Vector traps (light and sticky traps) and acaricides (pyrethroids, organophosphates and carbamates, etc.) generally used to prevent disease transmission.

Biosafety

  • Isolation and inspection of infected animals limit the spread of the disease.
  • Quarantine of newly purchased animals.
  • Restrict the movement of infected animals.
  • Sacrifice of infected animals.

Authors:

  1. Dr. Rana Muhammad Athar Ali, M.phil. Clinical Medicine and Surgery, University of Agriculture, Faisalabad.
  2. Dr. Ghulam Muhammad, retired. Professor Department of Clinical Medicine and Surgery, University of Agriculture, Faisalabad.
  3. Dr. Mughees Aizaz Alvi, Professor of Clinical Medicine and Surgery, University of Agriculture, Faisalabad.
  4. Dr.

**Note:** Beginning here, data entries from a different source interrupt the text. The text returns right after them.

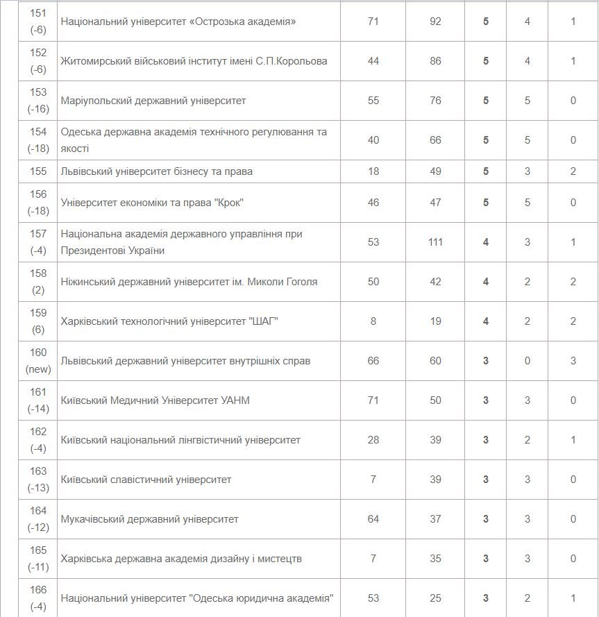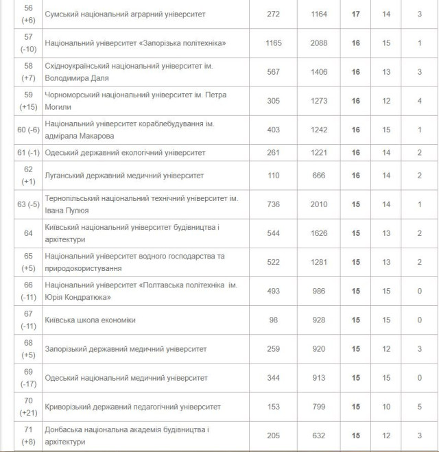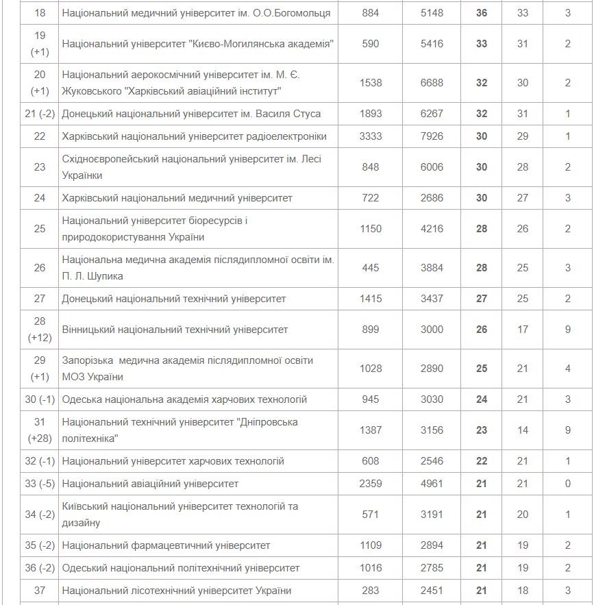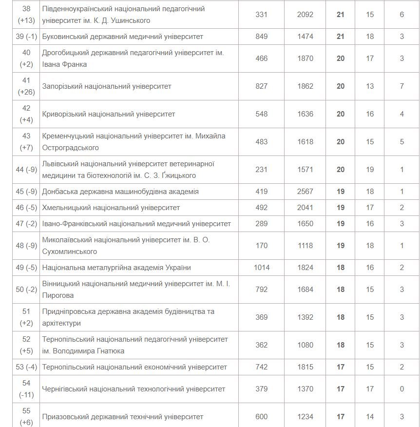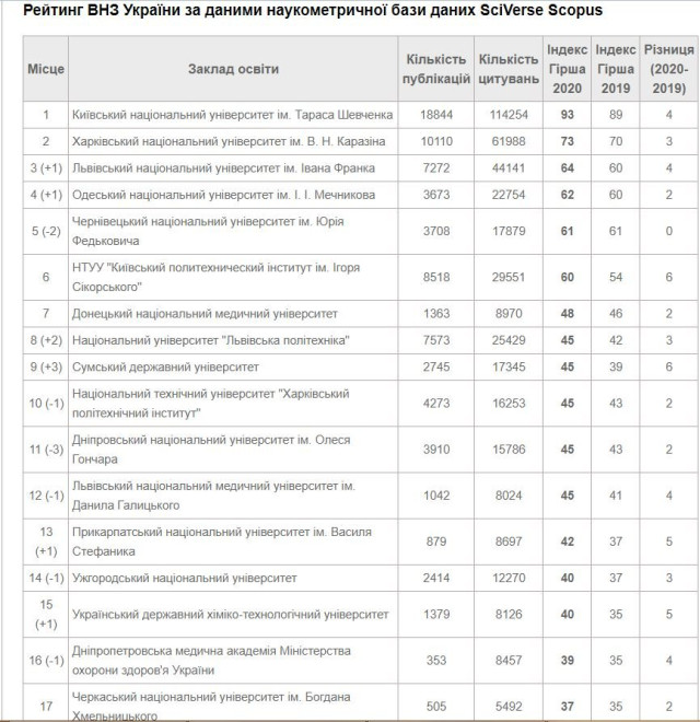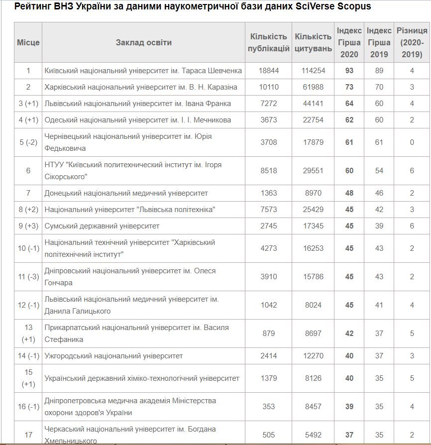 У рейтинговій таблиці вищі навчальні заклади України ранжовані за індексом Гірша — кількісним показником, що базується на кількості наукових публікацій і кількості їх цитувань.
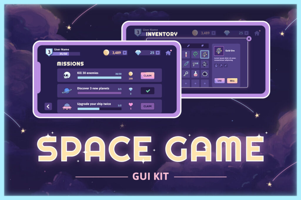 【無料】Space Game GUI kit | 宇宙をテーマにしたゲーム制作に最適な高品質 UI 素材セット
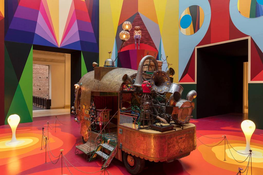 São inúmeras obras que invadem o museu, ocupando as sete salas de exposições temporárias do primeiro andar, um dos pátios, diversos espaços internos e externos, além de uma instalação, concebida especialmente para o Octógono, um dos grandes pátios do edifício. Tem até uma obra em parceria com Banksy!

Muhammad Saqib, Chairman, Department of Clinical Medicine and Surgery, University of Agriculture, Faisalabad.

Other readings

  1. OIE Terrestrial Manual, Chapter 2.4.14. Nodular skin disease. Viewed at: Retrieved July 16, 2016.
  2. Tuppurainen ESM, Oura CAL. Review: Lumpy skin disease: an emerging threat to Europe, the Middle East and Asia. Cross-border Emerg Dis. 2012;59:40-48.